Пришла вскоре девица красная. Капли воды полотенцем с лица утирает. Сама же другим, побольше, тело прикрыла. Отведай, душенька, молвил дед. А сам протягивает ей квасу кружку. Отпила квасу девушка. Посидела с дедом на крылечке. Вина отпила. Видит дед, что сказать что-то она хочет. Да только каждый раз — глянет на него и замолкает. Понимает дед, что сказать она хочет, и грустно ему. И сам он не понимает — толи от того, что умирать придется, толи от того, что девушку эту юную жаль ему.
Набрался дед духу и говорит: «не хочешь ли по ягоды в лес сходить, а может, на рыбалку изволишь? Или на лодке хочешь покататься? Я тут такие места знаю!» Улыбнулась ему в ответ красавица — сходим. И в лес, и на рыбалку. И на лодке. И ничего боле не сказала. А старик и рад. И рад он уже не столько, что еще жизнь его продлится, а от того, что отсрочил он хоть на малость огорчение для гости своей.

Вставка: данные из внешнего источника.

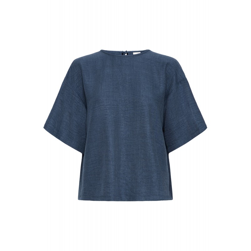 IHKATICO SH er en bluse med blødt, vævet look og bred pasform. Blusen har en rund halsudskæring, sænkede skuldre og korte, vide ærmer giver et moderne udtryk. Blusen har en åben ryg som bliver bundet med 3 bindebånd.

И еще жальче ему гостью свою стало: это ж какую тяжесть на плечах она носит.
И еще пожила смерть у него. Мантию свою с капюшоном она не одевала. И коса ее у крыльца стояла. Показал старик гостье своей и места знатные, где от ягод земляники земли не видать, и на лодке гостья покаталась. Рыбу, правда, ловить отказалась. Я не на работе, говорит. А старику все тревожней становится. Пора! А девица ни словом не поминает — зачем пришла к нему. Живет у старика. Квас пьет, молоко. Картошка с капустой квашеной полюбилась ей очень. Старик уж и ждать устал: когда? И старается гостье своей угодить. Мир показать. То птиц предлагает ей послушать, то на рассвет над рекой посмотреть. И каждый раз видит он радость на лице девушки. Глаза ее светлеют. И только нет-нет да прокатится слезинка из ее глаз.
Утром однажды проснулся старик и не увидел своей гостьи. Ни мантии ее, ни косы не нашел. Уж и не знал старик, что думать. Грустно вдруг стало ему. Как бы потерял что-то. Смурно на душе. Баньку истопил. Да только не тянет его в нее. Сел на крыльцо. Руки скрестил на коленях. Смотрит он на свои руки — а они вроде как не его. Узлов нет на руках. Морщин. Руки как у молодого. Еще не веря своим глазам, побежал дед к зеркалу — а там перед ним отражение красивого да статного молодого человека. Не верит своим глазам — молодость вернулась! И тело — нигде не болит, не ноет. Как в юности. Заплакал от радости старик, не веря еще до конца, что не исчезнет все, как пришло. Вышел на крыльцо старик уже как юноша. Вдаль посмотрел, как смотрел недавно. И вновь увидел он фигуру приближающуюся невдалеке. Сердце юноши забилось от радости — в приближающемся человеке узнал он гостью свою — девушку юную. И не было на ней ни мантии черной, ни косы в руках. Платьице голубое, в руке платочек красный. Не помня себя побежал молодой человек навстречу девушке. А она ему навстречу.
Через много много лет видели их, говорят. Такие же молодые, как в юности. Дети взрослые. Внуки. Все такие же молодые как их родители. В той же деревне живут. Рядом с родителями. И кто-то говаривал еще, что смерти в той деревне нет. Не умирают там люди…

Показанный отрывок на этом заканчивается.